# connect two routers to each other



## lievenv (Jan 17, 2007)

Hi,

I have two D-Link DGL-4300 routers of which I'm currently only using one.
I need more ethernetports however and wanted to connect them to each other.
I'll call the router that's behind the cable modem right now router1 and the 2nd router router2.

I tried this using the wan port of router2 and connecting it to a lan port on router1 but can't get it to work.
I tried with a static ip address on router1 and giving it another subdomain which I entered into router2's setup and disabling the WAN dhcp there etc...
Before I go on fiddling with this setup, is this at all possible? Connecting router2's wan port to router1's lan port and access the internet from a pc behind router2 that is?
If not, can i get it to work if I connect a lan port on router2 to a lan port on router1? If yes, how would I do that then?

I have router2 lying around and this would save me from having to buy more hardware.

thanks,
V


----------



## peterhuang913 (May 24, 2008)

LAN port to LAN port, not WAN. For example, I would plug in a regular ethernet cable on both port 4's. Then disable the DHCP on the 2nd router.


----------



## johnwill (Sep 26, 2002)

Connecting two (or more) SOHO broadband routers together.

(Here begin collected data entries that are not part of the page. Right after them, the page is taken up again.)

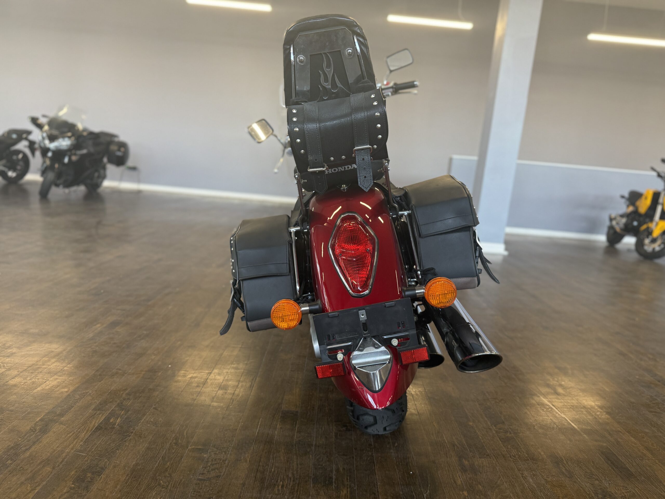 ✅ Leather Saddlebags – Convenient storage for the road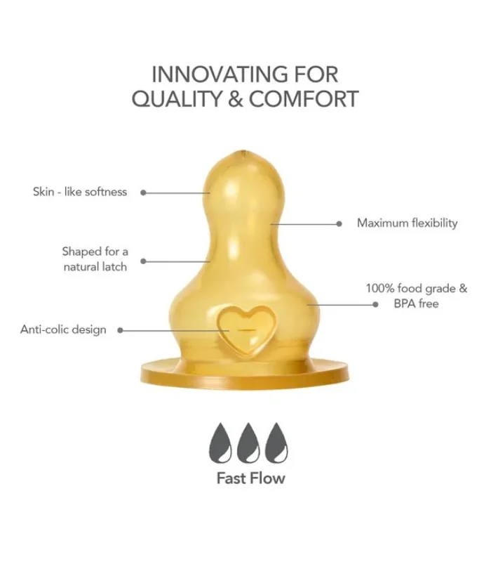 A round latex nipple is claimed by Midwifes to support breastfeeding caused by giving the baby the correct sucking technique. Most like the breast – gives comfort to the baby.
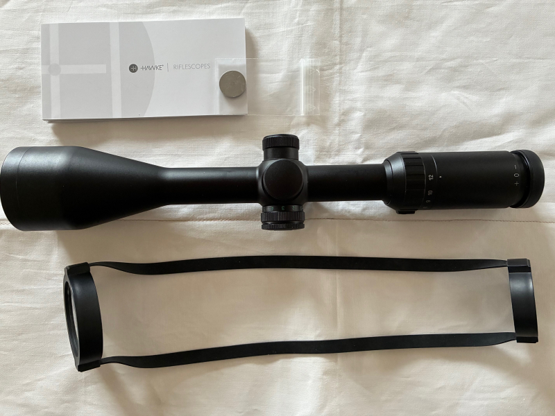 Zum Verkauf kommt ein gebr. Zielfernrohr der Marke HAWKE VANTAGE 4-12x50 L4A,bel. Absehen. Mittelrohrdurchm. 25,4mm, Gewicht 497gr., Länge 34,1mm.Linsen ohne Kratzer etc.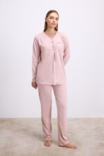 Modal Pamuklu Uzun Kollu Düğmeli 2’li Pijama Takımı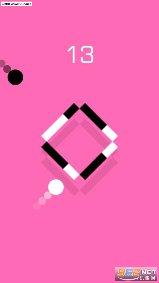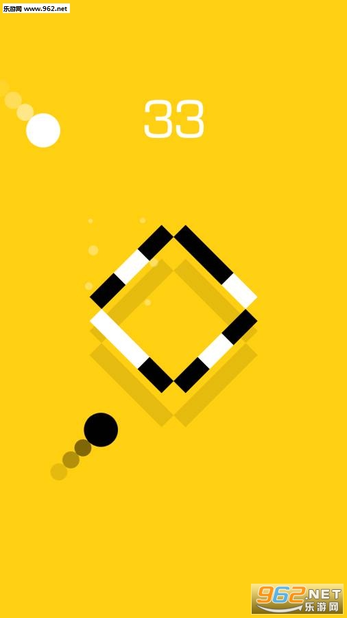 会有白色和黑色两个颜色的小球不停的向你的方框飞来,旋转改变边框的颜色,让小球无法触碰到与其相同的颜色,这样就可以将它们阻挡在外面了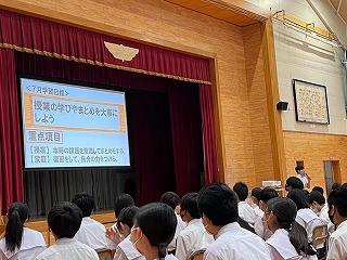 学校生活については、茶谷先生から今月の生活目標『生活習慣を振り返り、自分を高めよう』についてのお話がありました。時間を守ること、持ち物の整理整頓、制服の着こなしについて意識してほしいと思います。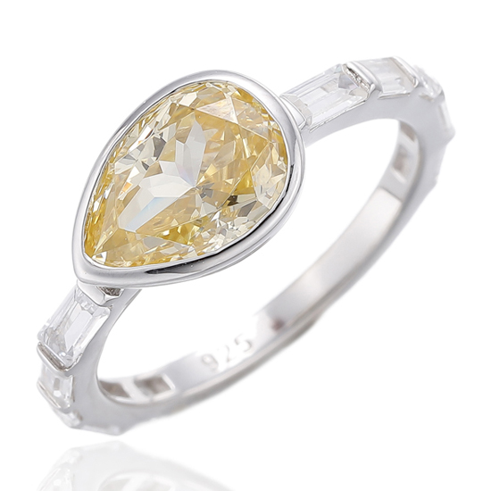 Pear Shape Diamond Yellow And White Cubic Zircon Rhodium Silver Ring

*Note:* _The "primary" router can be an actual router, a software gateway like Microsoft Internet Connection Sharing, or a server connection that has the capability to supply more than one IP address using DHCP server capability. No changes are made to the primary "router" configuration._

Configure the IP address of the secondary router(s) to be in the same subnet as the primary router, but out of the range of the DHCP server in the primary router. For instance DHCP server addresses 192.168.0.2 through 192.168.0.100, I'd assign the secondary router 192.168.0.254 as it's IP address, 192.168.0.253 for another router, etc.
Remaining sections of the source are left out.